The aorta extends upward from the top of the left ventricle of the heart in the chest area (ascending thoracic aorta), then curves like a candy cane (aortic arch) downward through the chest area (descending thoracic aorta) into the abdomen (abdominal aorta). The aorta delivers oxygenated blood pumped from the heart to the rest of the body.
The most common location of arterial aneurysm formation is the abdominal aorta, specifically, the segment of the abdominal aorta below the kidneys. An abdominal aneurysm located below the kidneys is called an infrarenal aneurysm. An aneurysm can be characterized by its location, shape, and cause.
The shape of an aneurysm is described as being fusiform or saccular which helps to identify a true aneurysm. The more common fusiform-shaped aneurysm bulges or balloons out on all sides of the aorta. A saccular-shaped aneurysm bulges or balloons out only on one side.
A pseudoaneurysm, or false aneurysm, is not an enlargement of any of the layers of the blood vessel wall. A false aneurysm may be the result of a prior surgery or trauma. Sometimes, a tear can occur on the inside layer of the vessel resulting in blood filling in between the layers of the blood vessel wall creating a dissection.
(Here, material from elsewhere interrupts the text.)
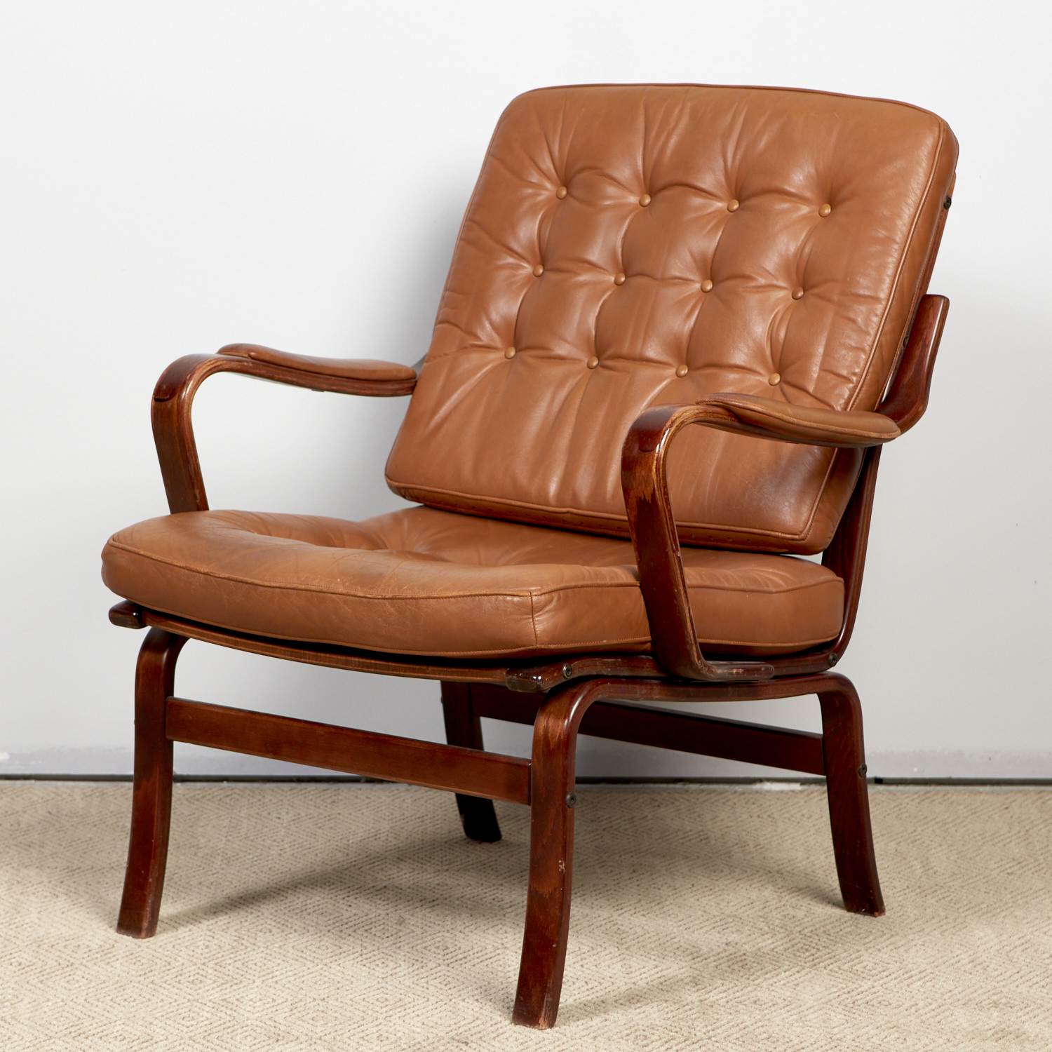 SWEDISH COGNAC LEATHER LOUNGE CHAIR BY GOTE MOBLER (90H X 76W X 74D CM) (LEONARD JOEL DELIVERY: LARGE)

The aorta is under constant pressure as blood is ejected from the heart. With each heartbeat, the walls of the aorta distend (expand) and then recoil (spring back), exerting continual pressure or stress on the already weakened aneurysm wall. Therefore, there is a potential for rupture (bursting) or dissection (separation of the layers of the aortic wall) of the aorta, which may cause life-threatening hemorrhage (uncontrolled bleeding) and, potentially, death. The larger the aneurysm becomes, the greater the risk for rupture.
Because an aneurysm may continue to increase in size, along with progressive weakening of the artery wall, surgical intervention may be needed. Preventing rupture of an aneurysm is one of the goals of therapy.
What causes an abdominal aortic aneurysm to form?
An abdominal aortic aneurysm may be caused by multiple factors that result in the breaking down of the well-organized structural components (proteins) of the aortic wall that provide support and stabilize the wall. The exact cause isn't fully known.
Atherosclerosis (a build up of plaque, which is a deposit of fatty substances, cholesterol, cellular waste products, calcium, and fibrin in the inner lining of an artery) is thought to play an important role in aneurysmal disease, including the risk factors associated with atherosclerosis, such as:
Age (older than age 60)
Male (occurrence in males is four to five times greater than that of females)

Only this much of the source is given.